Я вскочила. Я не могла понять, приснилось мне это или я все придумала под впечатлением снова перечитанных стихов — как часто придумывала в детстве? Со мной ведь некому было заниматься. Отца я видела только на междурейсовом отдыхе. За мной присматривала соседка. Но у нее хватало своих забот, и чаще я оставалась одна — вот и придумывала, чтоб не было скучно и не пугала холодная тишина квартиры. У меня Бэла никогда не погибала. Я и теперь еще часто хочу видеть вещи не такими, как они есть, а какими бы могли быть. Так, мне кажется, я могу лучше узнать людей — какие они? И понять себя — мне-то самой какой нужно быть среди них? В школе один парень из нашего класса называл это книжным идеализмом. А я все равно не могу спокойно читать хотя бы вот это: «В полдневный жар в долине Дагестана…» В седьмом классе я над этими строчками просто ревела. Потому что видела за строчками самого Лермонтова — как он пытается подняться с земли, опирается на дрожащие руки, а губы у него закушенные, и на щеках сизый налет. Я рассказала об этом девчонкам в классе. Они смеялись. Только ты посмотрела на меня так, как будто плакала над этими стихами вместе со мной. С того дня у меня нет ближе человека, чем ты.

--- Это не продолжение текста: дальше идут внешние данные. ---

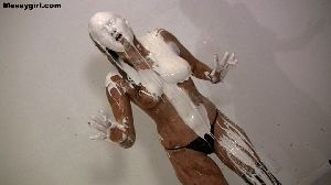 Tilly goes WAM extreme, as she fucks a huge dildo attached to an inflatable ball, while covering herself in shortening. She goes non stop fucking herself as she is slathered head to toe in the greasy stuff. She then takes a bucket of liquid marshmallow cream and pour that over her head.

Я хорошо помню тот день. Тогда лил дождь, было не выйти на улицу. И отец все не прилетал, хотя мне уже столько раз казалось, что я слышу голос его самолета — посадочная полоса была совсем рядом, почти сразу за домами аэропортовского поселка. На дверях у соседки висел замок. Было холодно, пусто и страшно, и я ревела — от страха и оттого, что ничем не могу Лермонтову помочь.

Отец пришел, когда совсем стемнело. Раньше я всегда кидалась к нему и прижималась лицом к его тужурке: мне казалось, что так я услышу запах высоты, на которой он побывал. Мне долго казалось, что высота крепко пахнет табаком. Отец в последние годы много курил.

В этот раз я осталась на своем диванчике, и он растерянно посмотрел на меня. Потом подошел на цыпочках, взял у меня книгу и все понял. Присел рядом, погладил по голове. «Ты же дочь летчика, что же ты плачешь? А впрочем, поплачь. Ничего. Это даже хорошо, что ты так плачешь». Только потом я поняла, почему он так говорил.

Я знаю: можно, конечно, прожить и без Лермонтова — живут! И без левитановского «Над вечным покоем». Обходятся же всякими «та-ру-рам», хоть есть «Времена года», и цветными открытками, на которых изображены сонные бульдоги в медалях. И в театре, на «Гамлете», слышала сама, во время сцены дуэли, шепчутся о французских кофточках. А после спектакля самое сильное впечатление: «Какая у Высоцкого потрясающая фигура!»